** ACTION ITEM **
An exact reproduction of the data below is the required answer.

** SUPPLIED MATERIAL **
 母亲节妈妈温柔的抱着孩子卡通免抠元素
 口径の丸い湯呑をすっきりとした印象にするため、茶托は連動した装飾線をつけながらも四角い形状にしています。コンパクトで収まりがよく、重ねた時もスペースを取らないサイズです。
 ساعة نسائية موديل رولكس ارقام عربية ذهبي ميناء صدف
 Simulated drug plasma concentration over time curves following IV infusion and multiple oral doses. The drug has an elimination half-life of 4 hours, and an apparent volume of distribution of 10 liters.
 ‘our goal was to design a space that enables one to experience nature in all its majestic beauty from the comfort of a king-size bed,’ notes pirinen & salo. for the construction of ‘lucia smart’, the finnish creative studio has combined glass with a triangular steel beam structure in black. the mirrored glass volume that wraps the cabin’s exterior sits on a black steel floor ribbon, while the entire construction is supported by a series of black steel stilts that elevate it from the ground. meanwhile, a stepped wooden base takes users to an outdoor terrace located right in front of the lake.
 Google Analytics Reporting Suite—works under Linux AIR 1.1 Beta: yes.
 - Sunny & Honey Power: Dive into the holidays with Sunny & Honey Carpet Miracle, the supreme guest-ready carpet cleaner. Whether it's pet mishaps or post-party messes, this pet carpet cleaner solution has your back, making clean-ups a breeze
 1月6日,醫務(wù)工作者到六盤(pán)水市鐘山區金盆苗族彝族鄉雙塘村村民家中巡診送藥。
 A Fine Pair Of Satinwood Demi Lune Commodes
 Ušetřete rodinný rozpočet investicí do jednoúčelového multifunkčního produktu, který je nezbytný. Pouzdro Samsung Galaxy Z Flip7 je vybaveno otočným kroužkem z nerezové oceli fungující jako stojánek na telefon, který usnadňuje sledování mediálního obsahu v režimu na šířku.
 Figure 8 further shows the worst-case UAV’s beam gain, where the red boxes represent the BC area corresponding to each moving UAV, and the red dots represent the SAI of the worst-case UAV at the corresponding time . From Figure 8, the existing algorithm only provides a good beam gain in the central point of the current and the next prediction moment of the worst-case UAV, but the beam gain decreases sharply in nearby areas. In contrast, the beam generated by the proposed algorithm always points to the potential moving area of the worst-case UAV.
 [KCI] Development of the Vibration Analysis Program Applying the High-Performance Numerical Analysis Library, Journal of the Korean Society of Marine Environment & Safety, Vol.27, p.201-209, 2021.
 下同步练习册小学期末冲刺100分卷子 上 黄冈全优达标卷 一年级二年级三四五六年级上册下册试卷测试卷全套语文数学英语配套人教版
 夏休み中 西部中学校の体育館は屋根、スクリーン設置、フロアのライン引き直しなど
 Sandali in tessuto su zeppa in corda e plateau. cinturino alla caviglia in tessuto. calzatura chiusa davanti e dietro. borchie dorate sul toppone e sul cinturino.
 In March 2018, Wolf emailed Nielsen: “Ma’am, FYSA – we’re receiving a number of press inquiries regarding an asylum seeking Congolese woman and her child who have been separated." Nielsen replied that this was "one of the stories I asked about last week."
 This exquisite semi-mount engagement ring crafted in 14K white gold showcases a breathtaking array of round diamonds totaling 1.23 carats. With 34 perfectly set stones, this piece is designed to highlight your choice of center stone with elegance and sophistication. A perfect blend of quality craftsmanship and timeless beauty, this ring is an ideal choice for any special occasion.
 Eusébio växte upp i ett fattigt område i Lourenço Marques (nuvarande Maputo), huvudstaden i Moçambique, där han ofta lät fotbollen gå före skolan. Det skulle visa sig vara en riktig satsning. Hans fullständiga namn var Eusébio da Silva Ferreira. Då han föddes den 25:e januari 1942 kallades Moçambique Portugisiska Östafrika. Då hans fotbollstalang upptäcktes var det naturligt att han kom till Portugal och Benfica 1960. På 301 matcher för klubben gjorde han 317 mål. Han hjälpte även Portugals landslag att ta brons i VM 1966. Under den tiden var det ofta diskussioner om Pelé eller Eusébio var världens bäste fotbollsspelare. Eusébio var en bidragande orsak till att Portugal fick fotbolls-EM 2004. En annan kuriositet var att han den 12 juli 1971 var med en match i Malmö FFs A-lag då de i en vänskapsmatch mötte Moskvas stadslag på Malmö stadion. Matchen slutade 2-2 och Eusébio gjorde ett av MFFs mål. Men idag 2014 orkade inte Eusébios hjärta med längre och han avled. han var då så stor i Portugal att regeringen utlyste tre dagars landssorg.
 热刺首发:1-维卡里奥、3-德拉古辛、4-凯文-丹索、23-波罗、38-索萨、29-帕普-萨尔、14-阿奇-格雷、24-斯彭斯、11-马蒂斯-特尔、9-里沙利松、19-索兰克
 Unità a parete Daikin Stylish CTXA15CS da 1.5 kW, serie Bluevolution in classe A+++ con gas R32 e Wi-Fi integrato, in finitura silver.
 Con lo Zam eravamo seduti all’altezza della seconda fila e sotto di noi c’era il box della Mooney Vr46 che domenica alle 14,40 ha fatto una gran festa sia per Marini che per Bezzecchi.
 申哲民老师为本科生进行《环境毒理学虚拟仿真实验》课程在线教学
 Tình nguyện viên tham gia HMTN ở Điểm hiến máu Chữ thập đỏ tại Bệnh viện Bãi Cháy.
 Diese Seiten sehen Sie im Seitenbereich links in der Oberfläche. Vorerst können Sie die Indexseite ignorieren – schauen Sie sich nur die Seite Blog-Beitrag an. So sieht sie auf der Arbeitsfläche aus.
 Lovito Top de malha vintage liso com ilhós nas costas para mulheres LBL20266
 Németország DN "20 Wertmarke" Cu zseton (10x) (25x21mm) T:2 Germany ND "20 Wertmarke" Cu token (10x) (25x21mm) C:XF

** WRITTEN ANSWER **
 母亲节妈妈温柔的抱着孩子卡通免抠元素
 口径の丸い湯呑をすっきりとした印象にするため、茶托は連動した装飾線をつけながらも四角い形状にしています。コンパクトで収まりがよく、重ねた時もスペースを取らないサイズです。
 ساعة نسائية موديل رولكس ارقام عربية ذهبي ميناء صدف
 Simulated drug plasma concentration over time curves following IV infusion and multiple oral doses. The drug has an elimination half-life of 4 hours, and an apparent volume of distribution of 10 liters.
 ‘our goal was to design a space that enables one to experience nature in all its majestic beauty from the comfort of a king-size bed,’ notes pirinen & salo. for the construction of ‘lucia smart’, the finnish creative studio has combined glass with a triangular steel beam structure in black. the mirrored glass volume that wraps the cabin’s exterior sits on a black steel floor ribbon, while the entire construction is supported by a series of black steel stilts that elevate it from the ground. meanwhile, a stepped wooden base takes users to an outdoor terrace located right in front of the lake.
 Google Analytics Reporting Suite—works under Linux AIR 1.1 Beta: yes.
 - Sunny & Honey Power: Dive into the holidays with Sunny & Honey Carpet Miracle, the supreme guest-ready carpet cleaner. Whether it's pet mishaps or post-party messes, this pet carpet cleaner solution has your back, making clean-ups a breeze
 1月6日,醫務(wù)工作者到六盤(pán)水市鐘山區金盆苗族彝族鄉雙塘村村民家中巡診送藥。
 A Fine Pair Of Satinwood Demi Lune Commodes
 Ušetřete rodinný rozpočet investicí do jednoúčelového multifunkčního produktu, který je nezbytný. Pouzdro Samsung Galaxy Z Flip7 je vybaveno otočným kroužkem z nerezové oceli fungující jako stojánek na telefon, který usnadňuje sledování mediálního obsahu v režimu na šířku.
 Figure 8 further shows the worst-case UAV’s beam gain, where the red boxes represent the BC area corresponding to each moving UAV, and the red dots represent the SAI of the worst-case UAV at the corresponding time . From Figure 8, the existing algorithm only provides a good beam gain in the central point of the current and the next prediction moment of the worst-case UAV, but the beam gain decreases sharply in nearby areas. In contrast, the beam generated by the proposed algorithm always points to the potential moving area of the worst-case UAV.
 [KCI] Development of the Vibration Analysis Program Applying the High-Performance Numerical Analysis Library, Journal of the Korean Society of Marine Environment & Safety, Vol.27, p.201-209, 2021.
 下同步练习册小学期末冲刺100分卷子 上 黄冈全优达标卷 一年级二年级三四五六年级上册下册试卷测试卷全套语文数学英语配套人教版
 夏休み中 西部中学校の体育館は屋根、スクリーン設置、フロアのライン引き直しなど
 Sandali in tessuto su zeppa in corda e plateau. cinturino alla caviglia in tessuto. calzatura chiusa davanti e dietro. borchie dorate sul toppone e sul cinturino.
 In March 2018, Wolf emailed Nielsen: “Ma’am, FYSA – we’re receiving a number of press inquiries regarding an asylum seeking Congolese woman and her child who have been separated." Nielsen replied that this was "one of the stories I asked about last week."
 This exquisite semi-mount engagement ring crafted in 14K white gold showcases a breathtaking array of round diamonds totaling 1.23 carats. With 34 perfectly set stones, this piece is designed to highlight your choice of center stone with elegance and sophistication. A perfect blend of quality craftsmanship and timeless beauty, this ring is an ideal choice for any special occasion.
 Eusébio växte upp i ett fattigt område i Lourenço Marques (nuvarande Maputo), huvudstaden i Moçambique, där han ofta lät fotbollen gå före skolan. Det skulle visa sig vara en riktig satsning. Hans fullständiga namn var Eusébio da Silva Ferreira. Då han föddes den 25:e januari 1942 kallades Moçambique Portugisiska Östafrika. Då hans fotbollstalang upptäcktes var det naturligt att han kom till Portugal och Benfica 1960. På 301 matcher för klubben gjorde han 317 mål. Han hjälpte även Portugals landslag att ta brons i VM 1966. Under den tiden var det ofta diskussioner om Pelé eller Eusébio var världens bäste fotbollsspelare. Eusébio var en bidragande orsak till att Portugal fick fotbolls-EM 2004. En annan kuriositet var att han den 12 juli 1971 var med en match i Malmö FFs A-lag då de i en vänskapsmatch mötte Moskvas stadslag på Malmö stadion. Matchen slutade 2-2 och Eusébio gjorde ett av MFFs mål. Men idag 2014 orkade inte Eusébios hjärta med längre och han avled. han var då så stor i Portugal att regeringen utlyste tre dagars landssorg.
 热刺首发:1-维卡里奥、3-德拉古辛、4-凯文-丹索、23-波罗、38-索萨、29-帕普-萨尔、14-阿奇-格雷、24-斯彭斯、11-马蒂斯-特尔、9-里沙利松、19-索兰克
 Unità a parete Daikin Stylish CTXA15CS da 1.5 kW, serie Bluevolution in classe A+++ con gas R32 e Wi-Fi integrato, in finitura silver.
 Con lo Zam eravamo seduti all’altezza della seconda fila e sotto di noi c’era il box della Mooney Vr46 che domenica alle 14,40 ha fatto una gran festa sia per Marini che per Bezzecchi.
 申哲民老师为本科生进行《环境毒理学虚拟仿真实验》课程在线教学
 Tình nguyện viên tham gia HMTN ở Điểm hiến máu Chữ thập đỏ tại Bệnh viện Bãi Cháy.
 Diese Seiten sehen Sie im Seitenbereich links in der Oberfläche. Vorerst können Sie die Indexseite ignorieren – schauen Sie sich nur die Seite Blog-Beitrag an. So sieht sie auf der Arbeitsfläche aus.
 Lovito Top de malha vintage liso com ilhós nas costas para mulheres LBL20266
 Németország DN "20 Wertmarke" Cu zseton (10x) (25x21mm) T:2 Germany ND "20 Wertmarke" Cu token (10x) (25x21mm) C:XF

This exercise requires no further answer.